Please describe the contribution of the paper

The article proposes a method to recover the scale of geometric 3D reconstructions obtained by applying SLAM/SfM to image sequences acquired by a monocular, conventional endoscope. The method exploits photometric constraints arising from the fact that endoscopes have one or more punctual near-light sources that cause noticeable illumination decay in surfaces that are imaged at close range. The camera is calibrated both geometrically and radiometrically (camera response function and vignetting), the intensity of punctual light sources are constant and their positions are known with respect to camera, and the scene is assumed to have a single albedo.
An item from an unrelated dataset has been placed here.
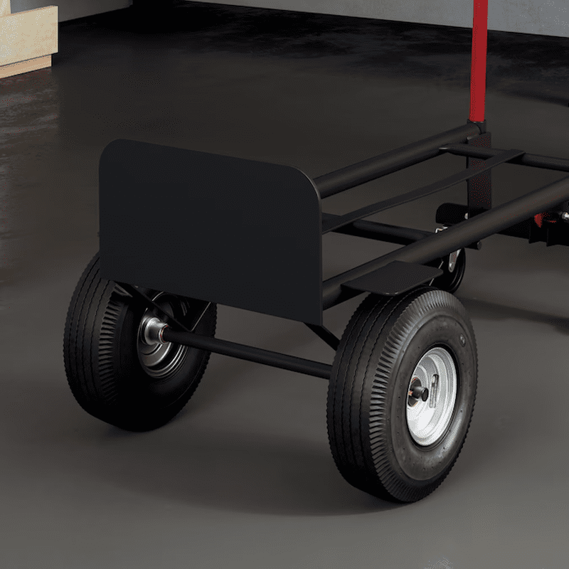 This Milwaukee heavy-duty convertible truck has a 800 lb. load capacity. It easily converts from 2 wheel vertical truck to a 4 wheel platform cart by pressing down with your foot on the handle release mechanism.. There are no pins to pull to adjust the handle position. Flow back handle allows for one or two hand operation. 10 in. pneumatic tires cushion the load and allow the truck to roll over uneven surfaces. 4 in. swivel casters give the truck increased maneuverability in cart position.

Given the sparse 3D reconstruction and camera poses, the method recovers scale, camera gain at each frame, and am initial constant encoding albedo and illumination intensity. The paper presents ablation studies in simulated endoscopic sequences, as well as experiments in real GI footage where the size of polyps is estimated.
Please list the major strengths of the paper: you should highlight a novel formulation, an original way to use data, demonstration of clinical feasibility, a novel application, a particularly strong evaluation, or anything else that is a strong aspect of this work. Please provide details, for instance, if a method is novel, explain what aspect is novel and why this is interesting.
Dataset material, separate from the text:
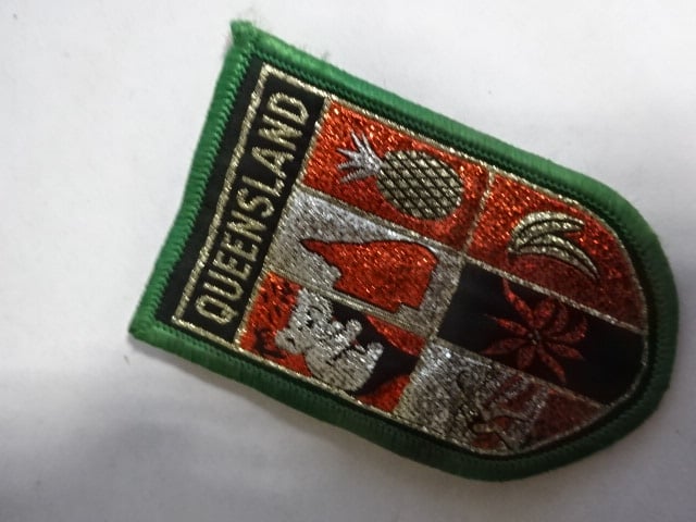 Ausztrália, Queensland címere, gépi hímzés, magassága 8 cm.
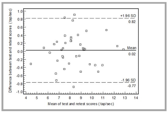 Statistical analysis showed that all data are normally distributed (p > 0.05). There was no significant difference between the TAP test and retest scores measured (8.35 ± 1.74 tap·s−1 vs. 8.33 ± 1.71 tap·s−1; p = 0.71).

- The paper addresses a largely unsolved problem that is the one of finding the true metric scale of 3D reconstruction / inference performed from endoscopic video sequences. The determination of the size of polyps is an application but there are many others
- The concept or idea to solve the problem is interesting and largely new
- The experimental section, comprising ablations studies and tests in real images, is sufficiently persuasive about the method being an idea that worth to explore further.
- The companion video provides a nice overview of the article
Please list the major weaknesses of the paper. Please provide details: for instance, if you state that a formulation, way of using data, demonstration of clinical feasibility, or application is not novel, then you must provide specific references to prior work.
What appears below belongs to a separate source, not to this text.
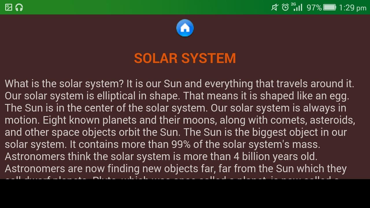 इस एप्लिकेशन के बस सामान्य रूप में विशेष रूप से और ब्रह्मांड में हमारे सौर मंडल पर संक्षिप्त जानकारी प्रदान करता है।
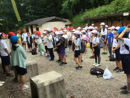 楽しかった野外学習もとうとう帰る時間になってしまいました。行く前よりもずっと成長を感じた2日間になりました。退所式では、所員さんと六所の山に向かって、学年スローガンを大声で叫び、決意を表していました。野外学習で学んだことを明日からの生活に生かしていってくださいね。

- Missing references that limit the claims: There is relevant prior art in multi-view shape-from-shading in endoscopy under near lightning [a,b] that accomplishes “3D reconstruction with real metric scale from conventional monocular endoscope, solely based in physical principles”. These references should be added, the differences with respect to the submission explained, and some of the claims toned down (e.g. first sentence in conclusion).
- Correctness can be improved: It is stated in the intro that “Photometry is scale dependent due to two factors: … when the light source is positioned at a small, but NONZERO, baseline from optical center”. My understanding is that in general photometry is scale dependent whenever light is at finite distance such that illumination decays with distance. In abstract it is irrelevant if the punctual light source is coincident or displaced with respect to camera center (e.g. in [b] is assumed to be coincident). The need of a baseline b is specific to the formulation of section 3. The statement is misleading and should be removed
- Clarity can be improved: Section 3 is also misleading. I understand that the intention is to persuade the reader that near illumination breaks scale ambiguity, but in a first moment it made me fear that the method was going to assume the strong, irrealist constraints of fronto parallel surface and motion parallel to the surface. I suggest to remove the section or make clear upfront that this is not the model that will be latter considered in the derivations and experiments.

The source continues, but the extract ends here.